Chicagoland Blacks 8 Times More Likely than Whites to be Imprisoned for Same Drug Offenses
Blacks convicted of low-level drug possession charges in Illinois are far more likely to face prison time than whites convicted of the same offense, a state panel has concluded.
According to the Chicago Sun-Times, the Illinois Disproportionate Justice Impact Study Commission found that 19% of all black defendants in felony drug possession cases in 2005 received prison sentences, while only 4% of white defendants were locked up for the same offenses. The sentencing disparity was worse in Cook County, which includes Chicago, where blacks were eight times more likely to be incarcerated for the same offense as whites.
Nationwide, the use of illegal drugs is about the same for blacks and whites, at 10.1% for the former and 8.2% for the latter. The Illinois incarceration disparity , which reflects a similar story nationwide, can be explained by a number of factors, including racism.
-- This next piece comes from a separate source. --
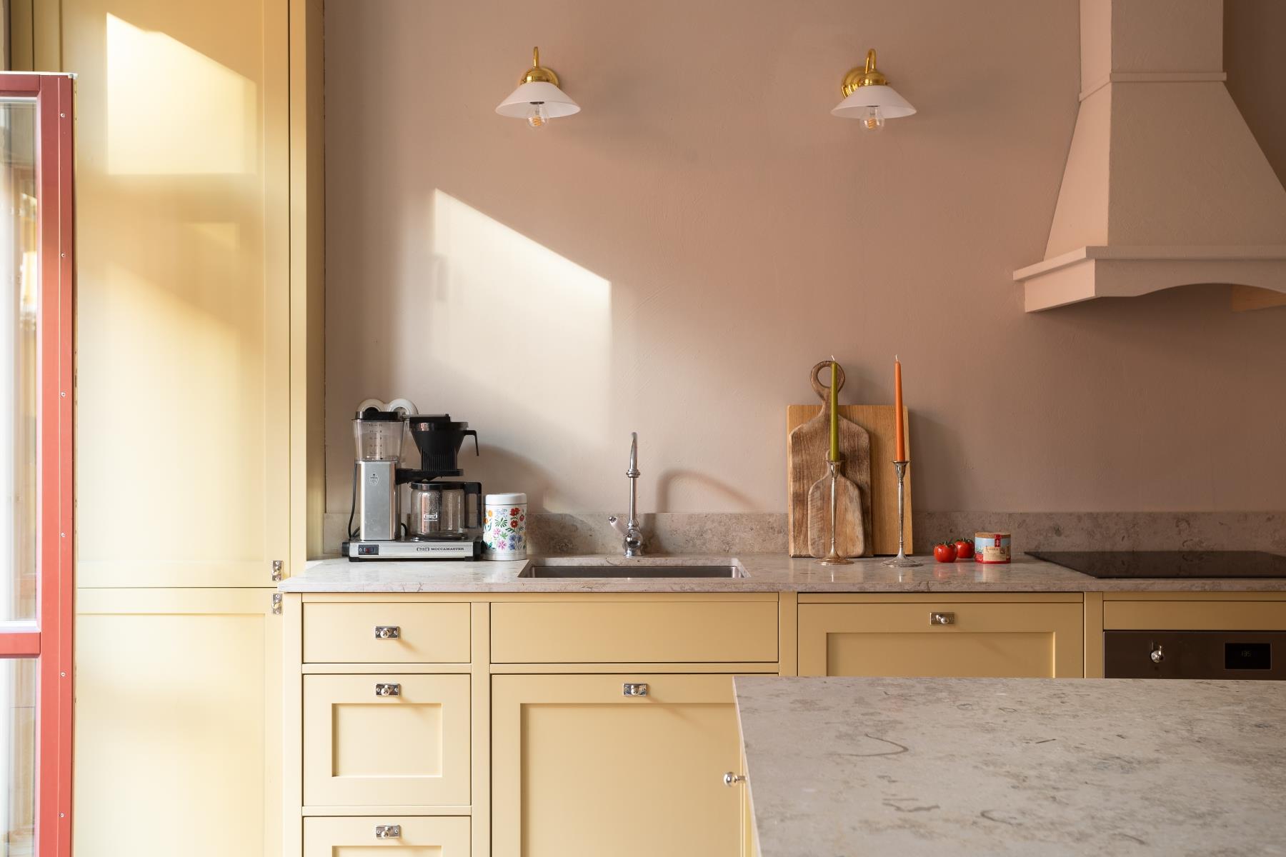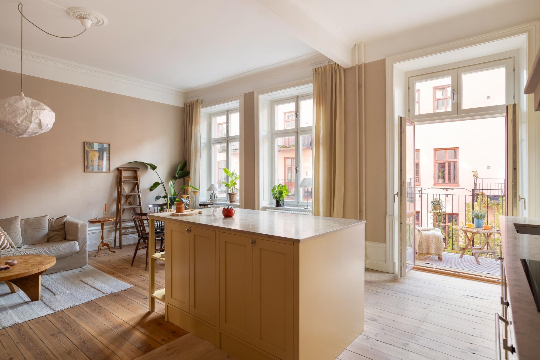 Det platsbyggda köket i sobert gulbeige kulör är hjärtat i hemmet, öppet mot vardagsrummet och perfekt för både vardag och umgänge. Härifrån når du också balkongen med soligt läge mot den charmiga innergården som blir en naturlig förlängning av sällskapsdelen under årets varmare månader.

However, according to the Illinois study, economic and education differences, and especially differences in where blacks and whites buy and sell drugs, are the biggest factors behind the sentencing disparity.
Blacks are also more likely to conduct drug sales in public, increasing their likelihood of being busted. More busts lead to more prosecutions.
“It’s always disappointing to know the true facts,” Illinois state senator Mattie Hunter (D-Chicago) told the Sun-Times. Hunter co-chaired the panel that carried out the study.